I've watched a lot of in depth videos on zone 2 cardio. I think these are interesting and useful in understanding what it is, how it works, and why do do it. I've gathered a lot of this information from Dr. Peter Attia, but his podcast can be lengthy. Here is a short explanation on zone 2 cardio.
What is zone 2 cardio? Cardio is broken down into 5 zones, with zone 1 being the easiest, zone 5 being the absolute hardest. Zone 2 is somewhere between those 2 extremes. The best way to measure zone 2 cardio is with a lactate measurement device, but this is impractical. A significantly more practical way to get into zone 2 cardio is to measure your heart rate. Most people are in zone 2 cardio when they're between 60-70% of maximum heart rate. The absolute easiest way to be in zone 2 cardio is with the "talk test." See if you can have a full conversation (but barely) with someone while you're doing the cardio - if you can, you're in zone 2 cardio.

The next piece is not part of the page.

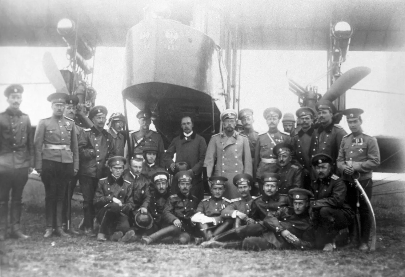 Ruský cisár Mikuláš II (druhý rad, piaty sprava) pri lietadle Ruský Víťaz. 1913

I use this often with my clients at Wallace Fitness Center as well as our patients at Steel Health and Hormones Centre. I believe zone 2 cardio is fantastic for burning calories without beating up the body. When you're lifting weights and doing cardio, it can be tough at first to do both. However, depending on the modality of exercise equipment, it can be very low impact and allow for recovery between lifting sessions without skimping on cardio.
The second reason is for general health purposes. It will help build up your aerobic base, allowing you to do more throughout the day. The blood flow is good for your heart, your brain, and there are even studies to suggest that it can improve blood pressure and insulin sensitivity.